• Exercise: From the first line of the listing below through the line with "华东江苏大数据交易中心感谢信", transcribe exactly and skip the pictures.

• Information supplied:
--- START ---

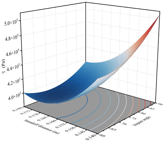 The impact of the interaction between injection pressure and impact angle on the dynamic pressure of the striking track tooth ( = 0.16).
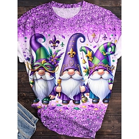 Mardi gras Dames T-shirt Afdrukken Grafisch Brief Wijnoogst Bohemen Vintage Modieus Korte mouw Lange mouw Strakke ronde hals Normale tops Dagelijks Weekend Zwart Donkergroen Paars Groen Beige Zomer
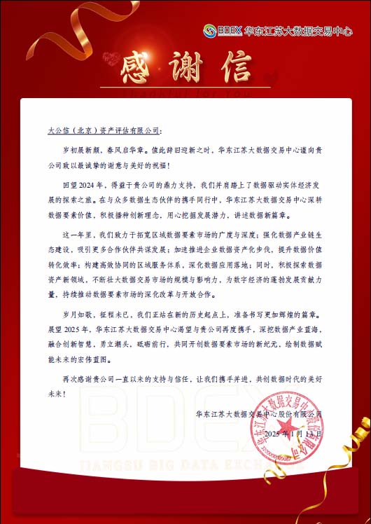 华东江苏大数据交易中心感谢信
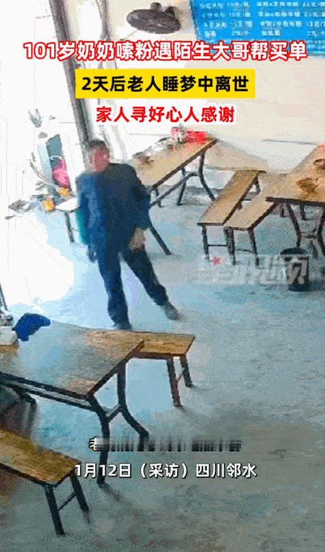 破防了!四川,101岁老人独自出门去米粉店吃米粉。突然,一位男子帮她把钱付了。没想到,老人回去的第二天晚上在睡梦中安详离世。事后,老人的家人想到找到这位好心的男子,当面感谢他。 1月6号下午,老奶奶顺利走到米粉店,找了个舒服的位置坐下,点了一碗心心念念的米粉,热气腾腾的米粉端上来,她慢慢吃着,享受着这份独属于自己的小惬意。 等吃完准备结账,老奶奶正摸索着掏钱的时候,旁边一位中年大哥看在眼里,没多说一句话,悄悄走上前就帮她把钱结了。 大哥做得特别低调,付完钱转身就走,没留名字,也没要任何感谢,等老奶奶反应过来,只看到了他远去的背影,连一句“谢谢”都没来得及说出口。 可这份突如其来的温暖,却实实在在落在了老人心里。 让人唏嘘的是,这份温暖刚停留两天,凌晨的时候,老奶奶就在睡梦里安详走了,没受一点罪,带着那声没说出口的感激,平静地结束了一生。 老人走后,家人忙着料理后事,回忆她最后几天的点滴时,才从米粉店老板嘴里知道了大哥买单的事。 听到真相的那一刻,家人心里又感动又愧疚——感动的是,陌生人能对自家老人这么温柔,愧疚的是,没能早点知道这件事,替老人了了道谢的心愿。 其实谁都清楚,一碗米粉没多少钱,可这份善意在老人生命的最后时刻,比任何贵重的礼物都管用,是实打实暖到心里的慰藉。 为了弥补这个遗憾,也为了替老人说一声迟来的谢谢,家人赶紧联系米粉店调了监控,看清了那位大哥的模样,大概50岁左右。 之后就把监控视频发到了网上,全网找人,就想当面跟大哥道个谢,也让这份善意有个圆满的回应。 有人说“这才是最圆满的告别,老人带着满满的温暖走的”,也有人说“百岁老人还能为一口想吃的东西出门,本身就是对生活的热爱,大哥的举手之劳,恰好成全了这份热爱”。 还有网友夸老人家人的做法,说“懂得回应善意的人,才会让善意一直传下去”。 更有人说“老人走得安详,说不定就是这份善意驱散了最后的孤独”,这些说法都很实在,比起那些轰轰烈烈的大事,这种藏在日常里的温柔,才最能打动普通人。 很多人觉得临终关怀就是细致的照料,可对百岁老人来说,物质早就不重了,一份突如其来的温柔,一份被世界惦记的感觉,比任何照料都管用。 那位大哥没觉得自己做了多大的事,可能就是下意识的举动,可恰恰是这份不刻意的善意,给老人的人生画上了最温暖的句号。 反观现在,很多人遇事先想利弊,怕麻烦、怕被讹,连举手之劳都要犹豫再三,这位大哥的做法,反而显得格外珍贵——善意从来都不是轰轰烈烈的表演,就是这种发自内心的共情和伸手,才最有力量。 你们觉得这位大哥的举动,是不是最动人的温柔? 信息来源:星视频

--- END ---

• Exercise solution:
 The impact of the interaction between injection pressure and impact angle on the dynamic pressure of the striking track tooth ( = 0.16).
 Mardi gras Dames T-shirt Afdrukken Grafisch Brief Wijnoogst Bohemen Vintage Modieus Korte mouw Lange mouw Strakke ronde hals Normale tops Dagelijks Weekend Zwart Donkergroen Paars Groen Beige Zomer
 华东江苏大数据交易中心感谢信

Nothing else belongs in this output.